Crosby explains concepts like the Quality Management Maturity Grid, the importance of higher management fully committing to the concept of zero defect, and the cost of quality using an ample number of case studies. He derives fourteen steps of quality management, which, when followed diligently, could push one organization towards zero defects. He clearly specifies that a quality management program should never be used as just a motivational tool, which will dilute its effect, making it ineffective. The book also contains a chapter on the different management styles that exist and an evaluation of them. The second and third parts of the book contain a detailed case study of a fictional quality improvement program that reads like a story.
The best thing about the book is the clarity of thought that Crosby brings to the table. Every concept is explained using apt examples that someone with even no technical knowledge can easily follow. He liberally uses doses of humor that help a lot to grasp the basic concepts.

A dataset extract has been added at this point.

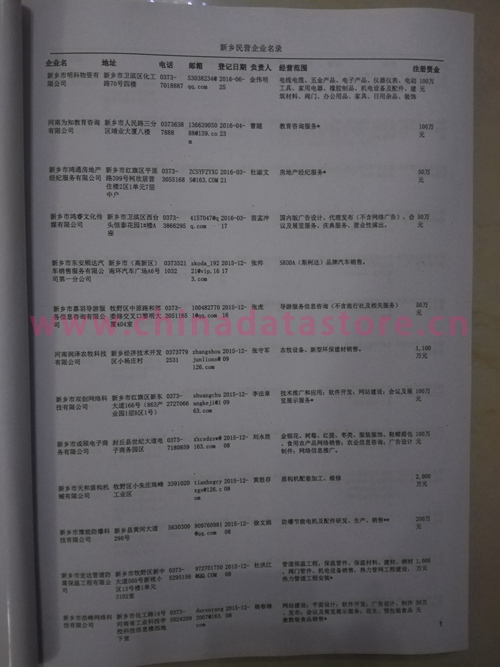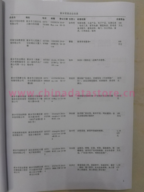 2021版最新新鄉(xiāng)企業(yè)黃頁包括《新鄉(xiāng)制造企業(yè)黃頁》、《新鄉(xiāng)民營企業(yè)黃頁》,現(xiàn)優(yōu)惠價:280元/冊。每冊內(nèi)容包括:單位名稱、地址、郵編、電話、傳真、郵箱、經(jīng)營范圍等;新鄉(xiāng)企業(yè)黃頁涵蓋了近幾年來最新成立的、有一定規(guī)模的企業(yè),具有非常高的營銷價值。有了這套黃頁開展業(yè)務(wù)也有了針對性,也省去了盲目去尋找客戶名單而浪費(fèi)的時間了,工作效率也會有很大的提高。歡迎需要新鄉(xiāng)企業(yè)黃頁的朋友及時聯(lián)系我們!

The entire book is structured as a step-by-step guide that could be followed by any business organization. The anecdotes help the reader to adapt his ideas to a real-world landscape. One could feel like he tends to oversimplify the concepts and reduce everything to the scope of personnel management.
Crosby wrote this book in 1979. The industrial structure has immensely developed since then with global spreading and improved technologies. The field of quality management has also evolved into a more holistic and standardized setup with total quality management and statistical quality control. One crucial difference that the book has with the present techniques is in the matter of customer focus, which is of paramount importance today. So to apply many of his approaches today, one has to do a lot of adaptation in techniques and methodology.
However, his focus on continuous improvement, stress on the prevention of defects, and the use of the cost of quality to arrive at the efficiency of quality management is still being used in the industries. His urge to involve everyone across the business, including the top management, in quality programs is also an applicable method. "Quality is Free" provides many basic pieces of information about quality management, and the core of it still stands relevant. Many of its concepts, like the zero defect attitude, continuous improvement, and focus on prevention, can be used as tools of personal improvement too.